The band plays a long list of high-profile gigs year in and year out, and their music can be heard in a slew of major motion pictures and television shows. Onstage and in the studio, Buckwheat has collaborated with a who's who of musicians, including Eric Clapton, Keith Richards, Willie Nelson, Dwight Yoakam, Mavis Staples and Los Lobos' David Hidalgo.
The bandleader was born in 1947 in Lafayette, La., a close-knit community where many black people express their Creole heritage by speaking French, and by playing and dancing to zydeco.
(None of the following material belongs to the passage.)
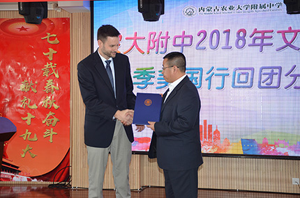 Mark先生向我校颁发《国际人才培养基地学校联合声明》双方互为海外分校 |

This hybrid genre blends Afro-Caribbean rhythms with blues, soul, rock, country and the French-rooted Cajun music of the Creoles' white neighbors. As the son of a zydeco accordionist, Buckwheat grew up steeped in this culture, and also absorbed Lafayette's prodigious output of blues and Gulf Coast "swamp pop." He began his professional career as an R&B sideman, playing keyboards for the likes of Joe Tex, Barbara Lynn and Gatemouth Brown. In 1971, Dural began leading his own R&B band, Buckwheat and the Hitch-hikers, playing the contemporary sounds of such popular bands as Parliament Funkadelic and Earth, Wind & Fire. The group scored a regional hit with "It's Hard to Get."
By the mid-'70s, South Louisiana began to experience a grassroots cultural renaissance as zydeco and Cajun music gained appreciation as treasured cultural resources. As the demand for zydeco grew, Dural was offered a gig playing organ and piano with the King of Zydeco, the late, great Clifton Chenier. Buck (as he is also known) worked hard and learned all he could. After three years of touring, recording and accordion apprenticeship, he left in 1979 to lead his own group, Buckwheat Zydeco and the Ils Sont Partis Band. Like Chenier, Buckwheat has continued to blend traditional Creole zydeco with the latest black-contemporary styles, drawing on all of his rich and varied musical experience.